## Assignment
In the records below, the line that contains "mile or so, which" marks the start. Copy it and each line after it through the end, exactly, without pictures.

(Beginning of Source material)

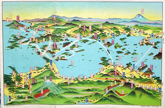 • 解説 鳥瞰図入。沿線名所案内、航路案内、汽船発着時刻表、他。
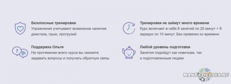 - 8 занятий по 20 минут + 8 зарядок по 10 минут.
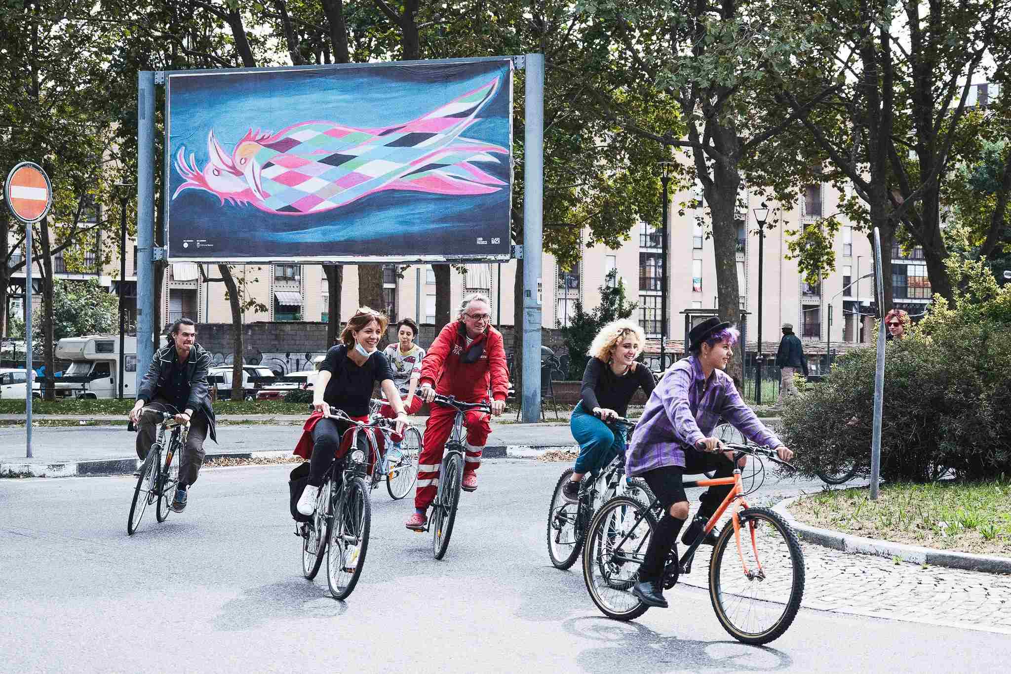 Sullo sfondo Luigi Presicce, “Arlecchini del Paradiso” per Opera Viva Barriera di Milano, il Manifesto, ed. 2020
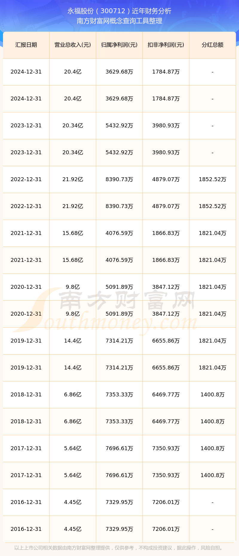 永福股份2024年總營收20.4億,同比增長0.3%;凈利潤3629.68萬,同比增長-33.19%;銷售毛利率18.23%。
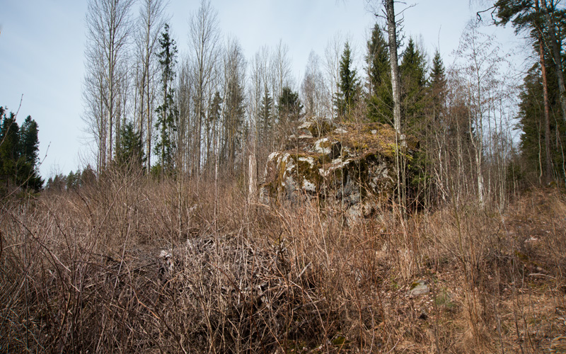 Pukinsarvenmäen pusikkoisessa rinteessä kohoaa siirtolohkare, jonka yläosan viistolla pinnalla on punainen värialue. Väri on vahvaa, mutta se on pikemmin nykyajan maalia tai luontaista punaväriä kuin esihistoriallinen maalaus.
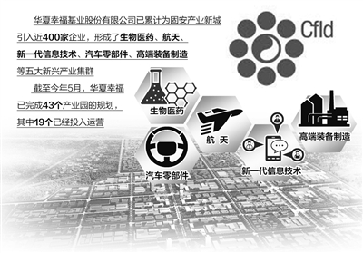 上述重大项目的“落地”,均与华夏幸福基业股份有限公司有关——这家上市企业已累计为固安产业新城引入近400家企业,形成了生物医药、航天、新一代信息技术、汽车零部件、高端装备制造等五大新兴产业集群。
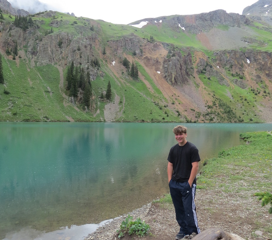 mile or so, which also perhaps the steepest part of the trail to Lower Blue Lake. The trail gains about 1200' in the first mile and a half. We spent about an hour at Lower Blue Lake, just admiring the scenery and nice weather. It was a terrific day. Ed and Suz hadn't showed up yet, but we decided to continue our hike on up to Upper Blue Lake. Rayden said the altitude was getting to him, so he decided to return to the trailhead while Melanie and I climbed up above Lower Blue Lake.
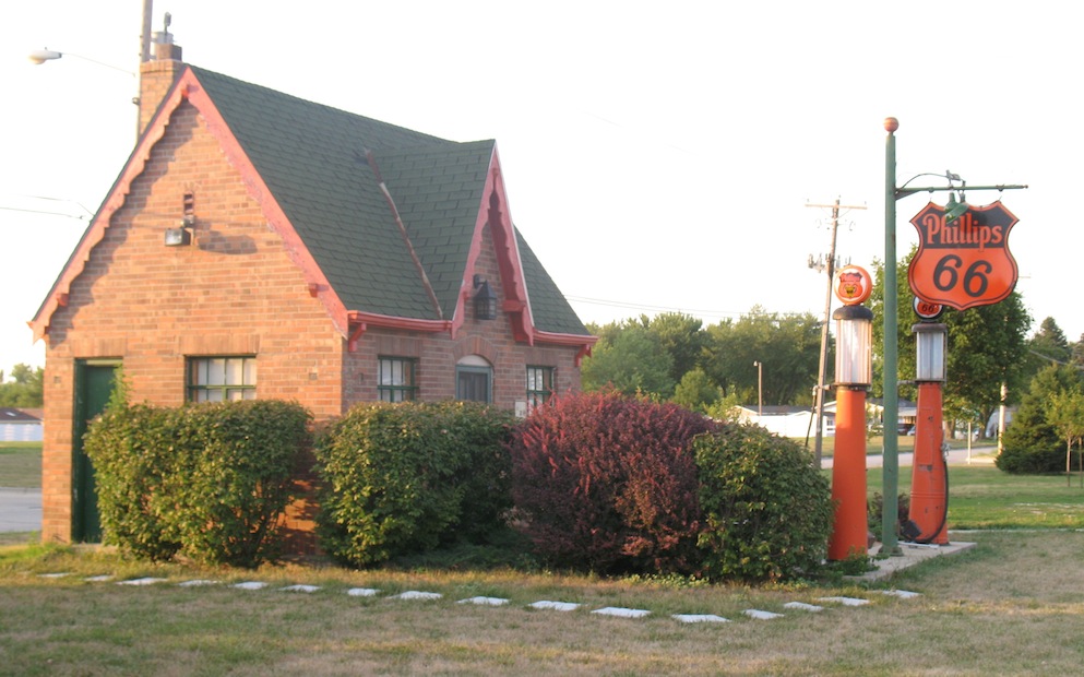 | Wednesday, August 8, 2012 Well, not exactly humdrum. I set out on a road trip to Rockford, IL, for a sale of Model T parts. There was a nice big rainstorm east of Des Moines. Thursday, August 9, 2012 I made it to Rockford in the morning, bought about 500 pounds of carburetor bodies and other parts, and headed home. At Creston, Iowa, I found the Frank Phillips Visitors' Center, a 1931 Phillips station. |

(End of Source material)

## Answer
 mile or so, which also perhaps the steepest part of the trail to Lower Blue Lake. The trail gains about 1200' in the first mile and a half. We spent about an hour at Lower Blue Lake, just admiring the scenery and nice weather. It was a terrific day. Ed and Suz hadn't showed up yet, but we decided to continue our hike on up to Upper Blue Lake. Rayden said the altitude was getting to him, so he decided to return to the trailhead while Melanie and I climbed up above Lower Blue Lake.
 | Wednesday, August 8, 2012 Well, not exactly humdrum. I set out on a road trip to Rockford, IL, for a sale of Model T parts. There was a nice big rainstorm east of Des Moines. Thursday, August 9, 2012 I made it to Rockford in the morning, bought about 500 pounds of carburetor bodies and other parts, and headed home. At Creston, Iowa, I found the Frank Phillips Visitors' Center, a 1931 Phillips station. |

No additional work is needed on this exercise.